We are looking for a Fresher Machine Learning Engineer who is passionate about AI and eager to begin their career in a fast-paced, innovation-driven environment. In this role, you will work with senior ML engineers and data scientists to build, test, and deploy machine learning solutions. This is a hands-on opportunity to learn industry best practices, understand end-to-end ML systems, and contribute to real-world projects from day one.
If you are enthusiastic about data, algorithms, and solving meaningful business problems with machine learning, we’d love to hear from you.
Assist in the development and training of machine learning models under supervision.
Work on data preprocessing, feature engineering, and exploratory data analysis.
Participate in model evaluation and tuning using appropriate metrics.
Support the deployment and integration of models into production environments.
Write clean, maintainable code and contribute to shared codebases using Git.

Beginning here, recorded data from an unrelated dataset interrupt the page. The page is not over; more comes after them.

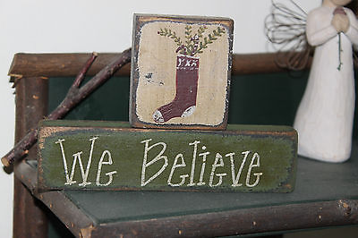 Primitive Christmas Wooden Blocks Shelf Sitter ( WE BELIEVE)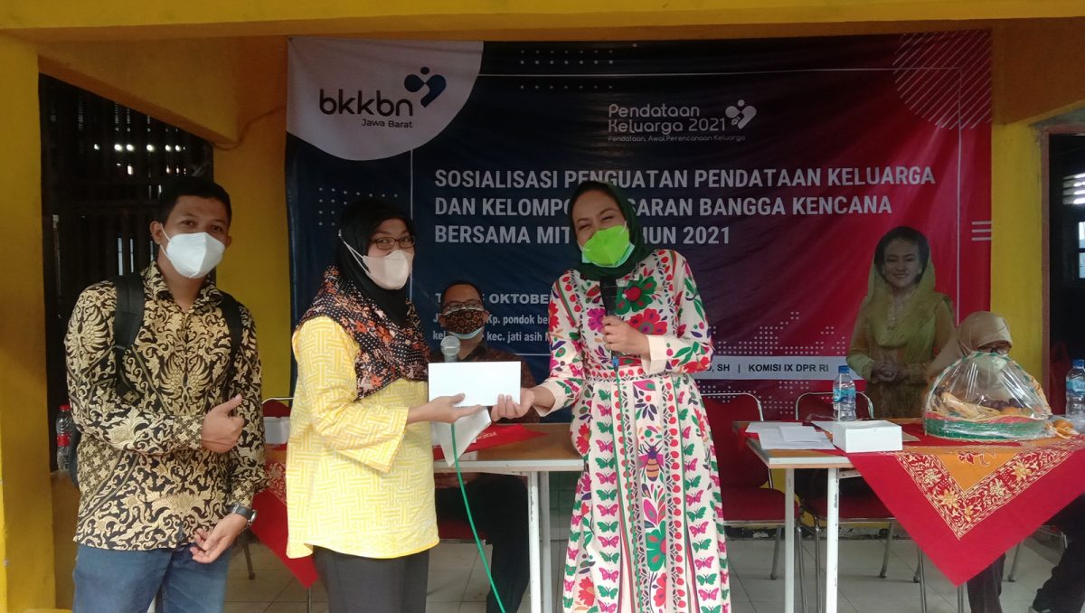 Anggota Komisi IX Dewan Perwakilan Rakyat Republik Indonesia (DPR RI) Dra Hj Wenny Haryanto, SH kembali menggelar Sosialisasi Penguatan Pendataan Keluarga dan Kelompok Sasaran Bangga Kencana (Pembangunan Keluarga, Kependudukan dan Keluarga Berencana) Bersama Mitra tahun 2021. Sosialisasi yang digelar di wilayah Kecamatan Jatiasih, Kota Bekasi, Jumat (15/10), ini bekerjasama dengan Badan Kependudukan dan Keluarga Berencana Nasional (BKKBN).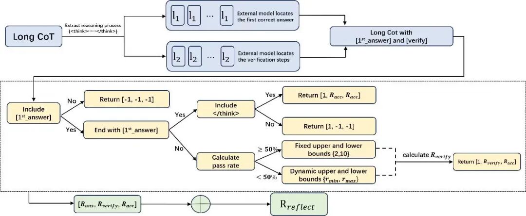 对此,Yuan 3.0 Ultra引入的反思抑制奖励机制(RIRM),恰恰是对“长思维链崇拜”的一次精准纠偏。它不是简单粗暴地截断输出,而是通过强化学习训练,让模型学会区分两种状态:什么时候需要继续推理,什么时候已经可以停止。研究团队将最大可接受反思步数设为3,理想状态下鼓励直接响应,复杂问题允许适度反思,但一旦超过阈值,奖励机制就会启动抑制。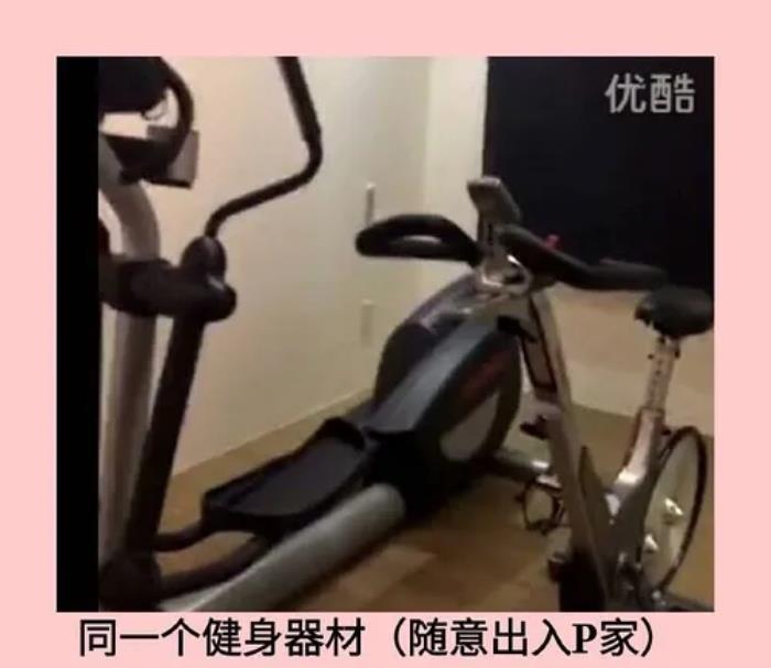 女方在男方家里的健身房自拍对比,地板、墙壁、健身器材,连墙上的两个插座都一摸一样。

Collaborate with senior team members across data science and engineering functions.
Continuously learn and stay up to date with emerging ML trends, tools, and practices.
Education:
Bachelor’s degree (or final year) in Computer Science, Artificial Intelligence, Machine Learning, Data Science, or a related field.
Experience:
Academic projects, Kaggle competitions, research papers, or internships involving machine learning.
Capstone or thesis work in ML or AI is a plus.

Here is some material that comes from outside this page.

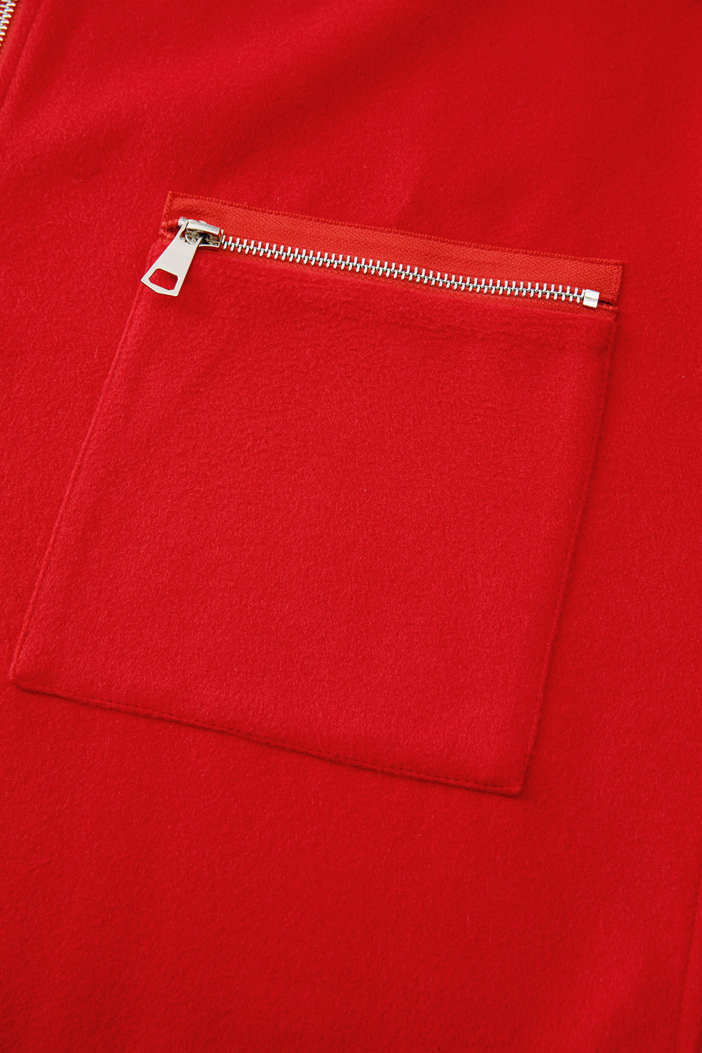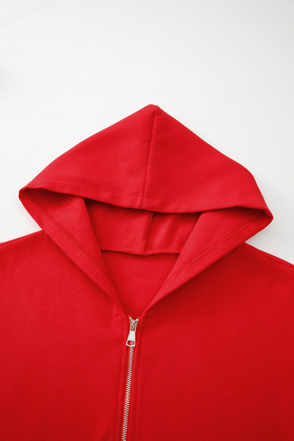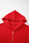 Casaco casual com capuz e zíper vermelho fogo cor sólida
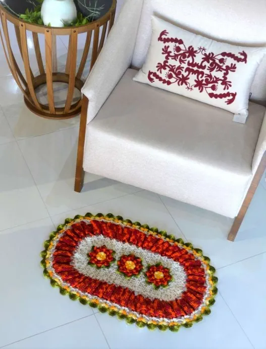 Красиво! Очень яркий коврик. Мне он кажется похожим на цветы бархатцы

Proficiency in Python and foundational ML libraries (Scikit-learn, Pandas, NumPy).
Understanding of machine learning algorithms such as linear regression, decision trees, k-NN, etc.
Familiarity with Jupyter notebooks and basic data visualization (Matplotlib, Seaborn).
Basic SQL knowledge for data extraction and manipulation.
Good problem-solving skills and an eagerness to learn in a collaborative team setting.
Clear communication and documentation skills.
Exposure to deep learning frameworks (e.g., TensorFlow, Keras, or PyTorch).
Understanding of model deployment basics (e.g., using Flask/FastAPI or cloud ML services).
Awareness of MLOps concepts and tools (MLflow, Docker, GitHub Actions).
Participation in hackathons, AI clubs, or open-source contributions.